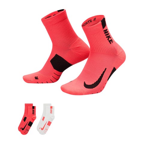 Mukavat treenisukat, jotka sopivat myös arkikäyttöön. Valmistettu hikeä siirtävästä materiaalista parhaan mukavuuden takaamiseksi. Pakkauksessa kaksi paria sukkia.
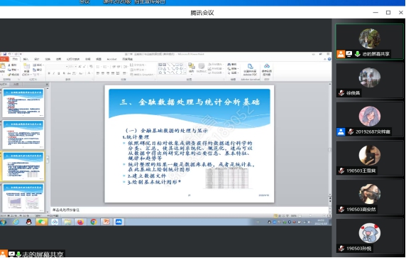 从4月25日开始,全面在线教学活动进入第九周;全院教师全身心投入一线教学与科研活动;线上教学平台使用愈加熟练,教师充分利用平台各种功能,通过在线视频授课、课堂抢答、聊天等方式强化了师生互动,课堂气氛活跃,增进了师生感情,老师在授课过程中特别注重把当下的疫情联系起来,帮助学生们树立战胜疫情的信念,学院各级领导频繁深入线上课堂进行听课巡课,稳固了线上教学的正常运行,保障了线上教学质量。
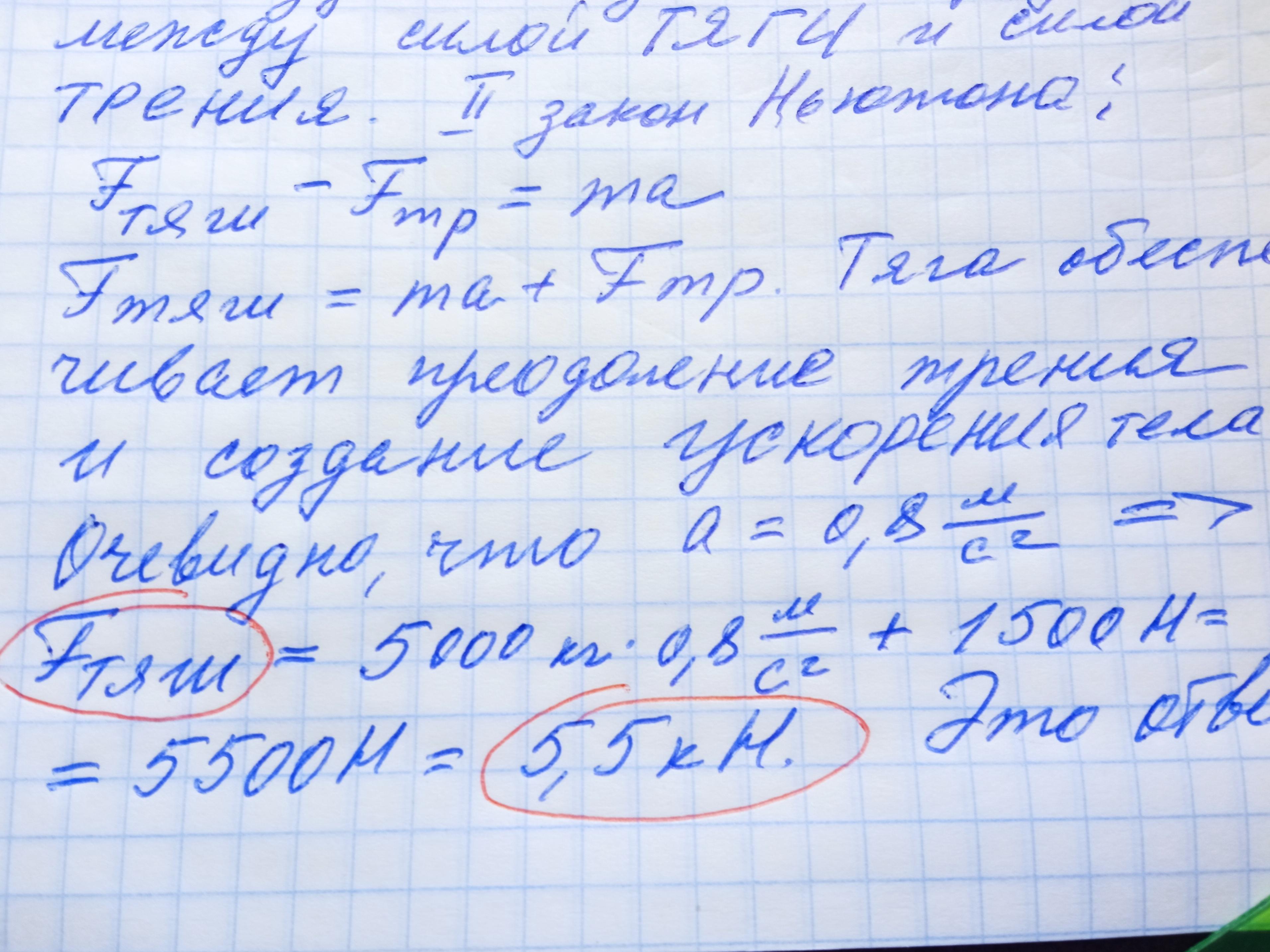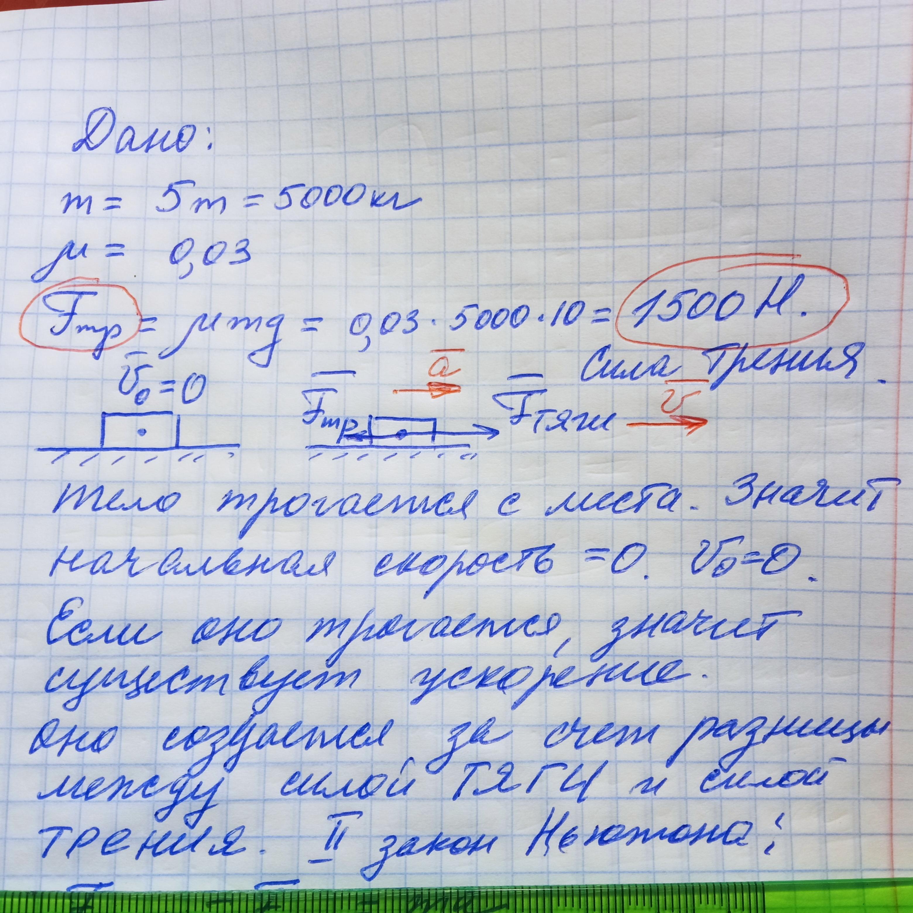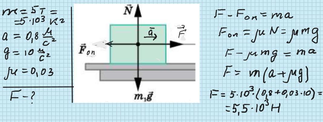 Тело массой 5т движется с места 0.8 м/с найти силу тяги если коэффициент сопротивления движению 0.03. Это переводчик.

- EXERCISE DIRECTIONS -
Beginning at the line containing "从4月25日开始,全面在线教", restate every line through the end of the material above exactly; omit the pictures.

- WRITTEN ANSWER -
 从4月25日开始,全面在线教学活动进入第九周;全院教师全身心投入一线教学与科研活动;线上教学平台使用愈加熟练,教师充分利用平台各种功能,通过在线视频授课、课堂抢答、聊天等方式强化了师生互动,课堂气氛活跃,增进了师生感情,老师在授课过程中特别注重把当下的疫情联系起来,帮助学生们树立战胜疫情的信念,学院各级领导频繁深入线上课堂进行听课巡课,稳固了线上教学的正常运行,保障了线上教学质量。
 Тело массой 5т движется с места 0.8 м/с найти силу тяги если коэффициент сопротивления движению 0.03. Это переводчик.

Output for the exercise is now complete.